January 29, 1990: Apple CEO John Sculley appoints Michael H. Spindler as the company’s new chief operating officer.
Nicknamed “The Diesel” on account of his work ethic, Spindler’s new job continues his upward trajectory at Apple. Three years later, he will become CEO.
Carving out a name for himself
Born in Germany, Spindler started his career working at the Paris-based European subsidiary of DEC, before moving to the European sales office for Intel. There, he made friends with Mike Markkula, who went on to become Apple’s first major angel investor and its second CEO.
In 1980, Markkula recruited Spindler to work in marketing in Apple’s European office, shortly after the Apple II first went on sale. According to legend, Spindler went months without a paycheck from Apple because the company couldn’t figure out how to send funds to Belgium from California.
Apple Europe became a big success, and Sculley quickly recognized Spindler for his hard work. In 1983, Apple promoted Spindler to executive vice president of marketing. As a result, he began working a couple days per month in Cupertino.
A great strategist, Spindler was well-liked by Sculley. One of his big achievements was helping bring to market KanjiTalk, which allowed the Mac to offer a Japanese-language interface.
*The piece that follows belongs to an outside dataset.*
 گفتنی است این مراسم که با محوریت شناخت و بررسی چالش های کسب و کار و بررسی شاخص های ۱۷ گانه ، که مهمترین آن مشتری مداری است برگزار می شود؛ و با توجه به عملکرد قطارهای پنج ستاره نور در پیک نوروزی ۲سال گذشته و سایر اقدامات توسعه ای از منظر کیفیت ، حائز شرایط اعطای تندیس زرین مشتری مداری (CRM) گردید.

It became a big hit.
Michael Spindler rises through the ranks at Apple
After Steve Jobs left Apple in 1985, Spindler got some attention for delivering a passionate speech about the company. It ended with the line: “Apple beats with two hearts — our California heart and the heart of the local company.”
Spindler’s next promotion made him head of Apple Europe. At around this time, an executive named Jean-Louis Gassée — who took over the Mac division after Jobs left — experienced a stumble in his upward trajectory at Apple. Due to component shortages in 1989, specialist parts became pricier. Gassée didn’t want to sacrifice profit margins, and raised the price of high-end Macs by nearly 29 percent. The move proved disastrous.
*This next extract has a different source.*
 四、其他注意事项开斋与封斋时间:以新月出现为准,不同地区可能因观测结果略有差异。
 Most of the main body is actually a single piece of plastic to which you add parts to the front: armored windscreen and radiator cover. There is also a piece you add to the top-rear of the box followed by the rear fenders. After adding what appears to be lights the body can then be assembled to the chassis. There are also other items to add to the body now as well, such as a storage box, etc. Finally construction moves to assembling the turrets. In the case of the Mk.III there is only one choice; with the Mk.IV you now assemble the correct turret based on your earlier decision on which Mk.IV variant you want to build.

While the U.S. division struggled, however, Apple Europe fared much better. In just a couple of years, sales in Europe grew from $400 million to $1.2 billion. This meant that Apple Europe made up a quarter of Apple’s overall business.
Spindler became Apple’s chief operating officer in January 1990. It was a questionable choice, since Spindler was more suited to strategy than an operations role. Shortly after he assumed the position, Gassée left Apple.
Spindler’s rise continues
This wasn’t the end of Spindler’s rise. When Sculley was ousted as CEO in 1993, Spindler became Apple CEO. Although he made a number of correct calls in this job, it was also one of Apple’s lowest points in history. The company suffered through collapsing Mac sales, massive layoffs and a $188 million quarterly loss.
Spindler also oversaw disastrous projects like the never-completed Copland operating system. He left Apple in 1996, replaced by Gil Amelio.